Serious issues in French

Some where at some time a article on pedagogical issues in French was illicitly copied by me. It had appeared in The Modern Language Journal in 1988. It was written by John E. Joseph and was titled New French: A Pedagogical Crisis in the Making. It interested me b/c I had been reading a lot on French and other Romance languages in our times as opposed to the histories of the languages. I was interested in major shifts occurring in those languages, e.g. the shift from SVO to VSO in Spanish. I knew French had moved far beyond the other Romance languages in recrafting the basic Romance patterns developed since Latin. The traditional and allowable observation was that the Romance languages had become more analytical, departing gravely from their Latin mother. However, any changes since the 17th century were regarded with something akin to contempt.

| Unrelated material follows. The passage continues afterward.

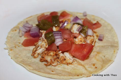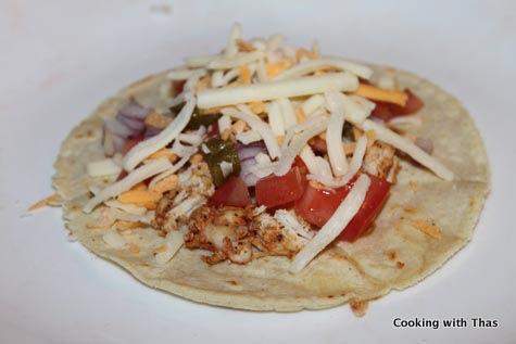 - Top the quesadilla with little chicken, onion, tomato and jalapeno.

At the same time, annals of language students were full of comments about arriving in France with a B.A. in French and not being able to make their way in the language. I had slotted that into the way French (and all languages) were taught, at least by the mid-80s I was thinking that way, under the influence of Krashen. But I was also pulled by the possible schism between the written and the spoken or colloquial language. What was happening there?
So I read the article with such great interest that I kept it. So when I began teaching my granddaughter French, I pulled the article out and reread it. Already I had been reading Rodney Ball’s Colloquial French, a linguistic approach to contemporary French as spoken in France. The article’s thrust, though, was what do teachers of French do when confronted with the conundrum of the colloquial language spoken by most French persons drifting so far away from the literary standard, and just what were the specific features of this drift anyway?

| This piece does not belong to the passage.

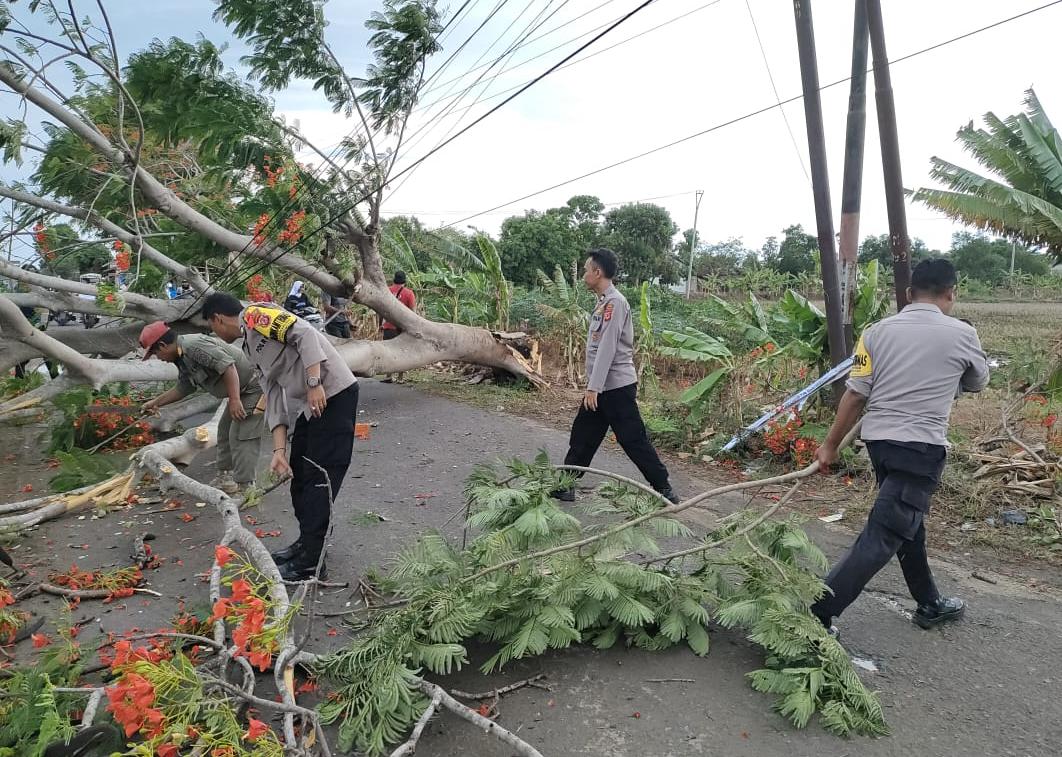 Jabar—Polsek Gabuswetan, jajaran Polres Indramayu Polda Jabar melakukan evakuasi pohon tumbang yang menghalangi Jalan PU Saradan – Wanguk di Desa Babakanjaya Blok Babakan Dampyang.

I always check the bibliographies of books or articles I read and both Ball and Joseph share a number of works on current French in their bibliographies. Since few French teachers in the U.S. have a background in linguistics, Ball’s book would probably be of little interest to them. Joseph states that the most conservative of those involved in French are doubtless U.S. teachers of French, possibly because they are on shaky ground when dealing with anything outside the literary standard.

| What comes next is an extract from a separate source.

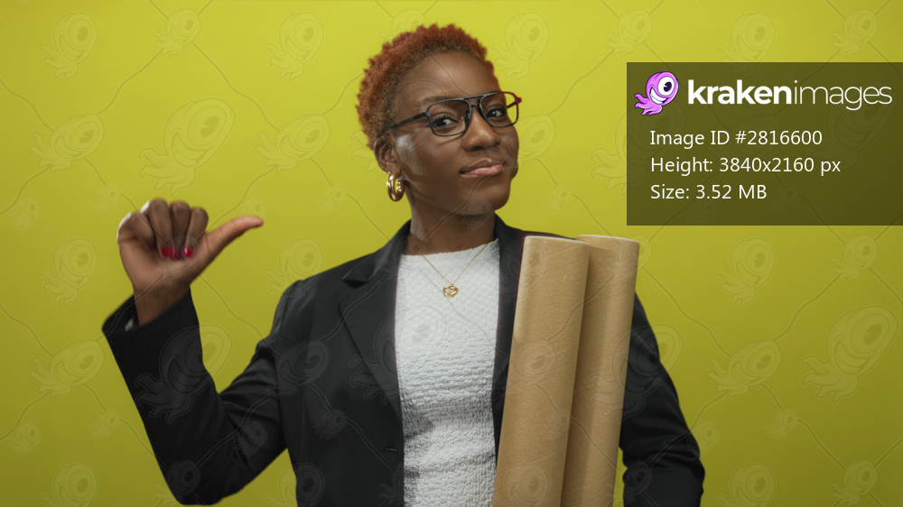 Woman architect standing and holding rolled blueprints in studio by yellow wall; ambition confidence.

While it has been fun sorting through my own usages and realizing that many years ago I seem to have picked up some non-standard features, the real issue remains: what do we teach and can there be compromises? Joseph makes an extremely interesting remark: the French will use colloquial French with an American but judge poorly an American who uses non-standard forms! I had to read that twice. So in France, what is sauce for the jars is not necessarily sauce for the oie. Hmmm.